Caching Prompts and Responses
The second customer asking "What are your business hours?" shouldn't cost another $0.002 in tokens. Exact-match caching is the lowest-complexity cost optimization in LLM apps — hash the input, return the stored output, skip the API call. Teams that skip it pay double for every FAQ, every repeated eval run, and every integration test in CI.
Response cache architecture
import hashlib
import json
def cache_key(request: CompletionRequest) -> str:
payload = {
"model": request.model,
"messages": request.messages,
"temperature": request.temperature,
"tools": request.tools,
"response_format": request.response_format,
"tenant_id": request.tenant_id,
}
return hashlib.sha256(
json.dumps(payload, sort_keys=True).encode()
).hexdigest()
async def cached_complete(request: CompletionRequest) -> str:
key = cache_key(request)
if cached := await redis.get(f"llm:{key}"):
metrics.cache_hit(request.feature)
return cached
response = await provider.complete(request)

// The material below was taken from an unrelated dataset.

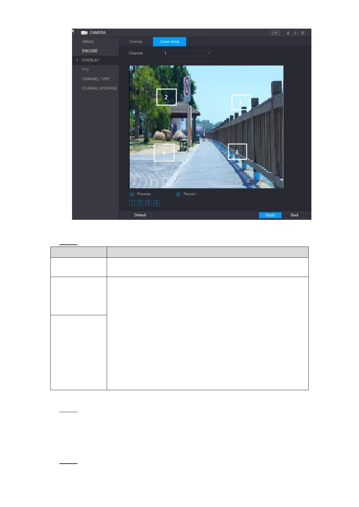 Configure the settings for the covered area parameters. See Table 5-27. Step 2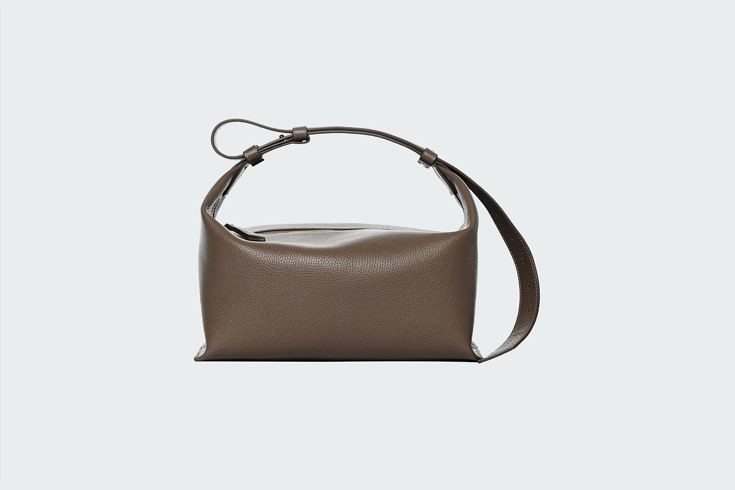 Сумка выполнена из мягкой зернистой кожи и закрывается на молнию. Регулируемый по длине плечевой ремень предлагает разные способы ношения — в руке или на плече.

ttl = ttl_for_feature(request.feature)
await redis.setex(f"llm:{key}", ttl, response)
return response
Store in Redis for sub-millisecond lookups. For large responses, store in S3 with Redis holding the pointer.
What to cache (and what not to)
Good candidates:
- FAQ and support responses
- Classification labels on stable content
- Structured extraction on documents that don't change
- Embedding vectors (keyed by content hash — never re-embed)
Bad candidates:
- Responses including live data (stock prices, inventory)

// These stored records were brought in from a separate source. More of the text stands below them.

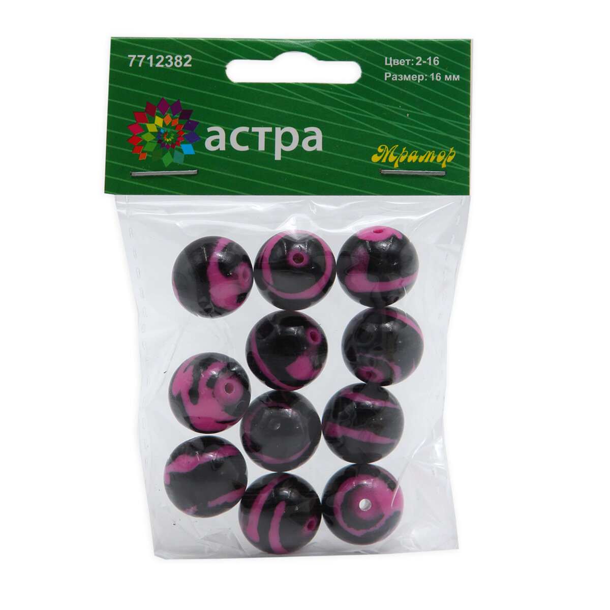 СохранитьБусины для рукоделия пластиковые, 'мрамор', 16 мм, 11 шт, Astra&Craft (2-16 розовый/черный) интересное: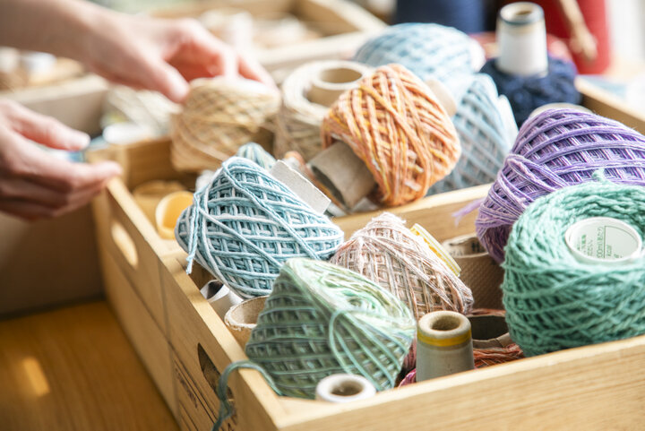 きれいな糸がいっぱいで迷ってしまう色選び。太い糸の方が短い時間で織ることができる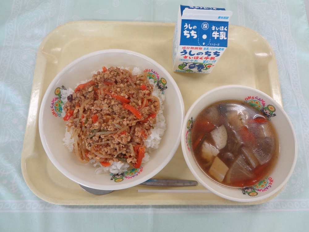 - 当日の献立 挽肉ともやしのあんかけ丼、いも煮汁、牛乳

- Creative generation with temperature > 0 (same input, different output by design)
- Personalized recommendations
- Anything where stale answers create liability
When in doubt, cache with short TTL and stamp entries with cached_at so downstream can warn users.
Provider prompt caching
OpenAI and Anthropic cache identical prompt prefixes automatically:
┌─────────────────────────────┐
│ System prompt (10K tokens) │ ← cached prefix (discounted)

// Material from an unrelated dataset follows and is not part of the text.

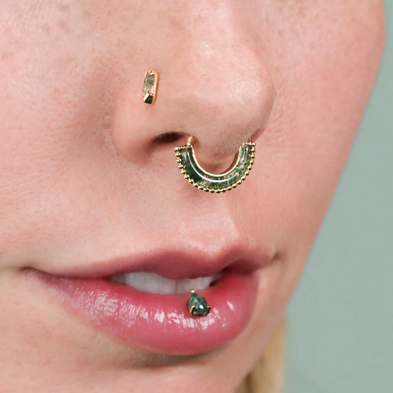 The Harmonic Clicker features genuine moss agate, a gemstone celebrated for its rich green striations and natural depth. Each stone is one-of-a-kind, with unique patterns and vibrance that bring individuality to every piece. Designed for both elegance and versatility, this clicker adds a refined organic touch to any curation.

├─────────────────────────────┤
│ RAG context (varies) │
├─────────────────────────────┤
│ User message │
└─────────────────────────────┘
Structure prompts so static content comes first:
messages = [
{"role": "system", "content": STATIC_SYSTEM_PROMPT}, # cached
{"role": "system", "content": f"Context:\n{rag_chunks}"}, # varies
{"role": "user", "content": user_message},
]
A 4K-token system prompt cached at 50% discount on 10K daily requests saves real money. Monitor cached_tokens in API responses.
Invalidation
Cache invalidation events:
| Event | Action |
|---|---|
| Prompt version deploy | Flush feature-scoped keys or bump key prefix |
| Document reindex | Flush RAG-dependent keys for affected tenant |
| Model upgrade | Global flush or version in cache key |
| Manual content fix | Targeted delete by content hash |
Use key prefixes for cheap bulk invalidation:
llm:v3:support:{hash} ← bump v3 → v4 on prompt deploy
Hit rate optimization
Low hit rate usually means:
- Over-specific keys — including timestamps or request IDs
- High temperature — disable caching for creative endpoints
- No normalization — "business hours?" vs "Business hours" are different keys
def normalize_user_text(text: str) -> str:
return text.strip().lower().rstrip("?.!")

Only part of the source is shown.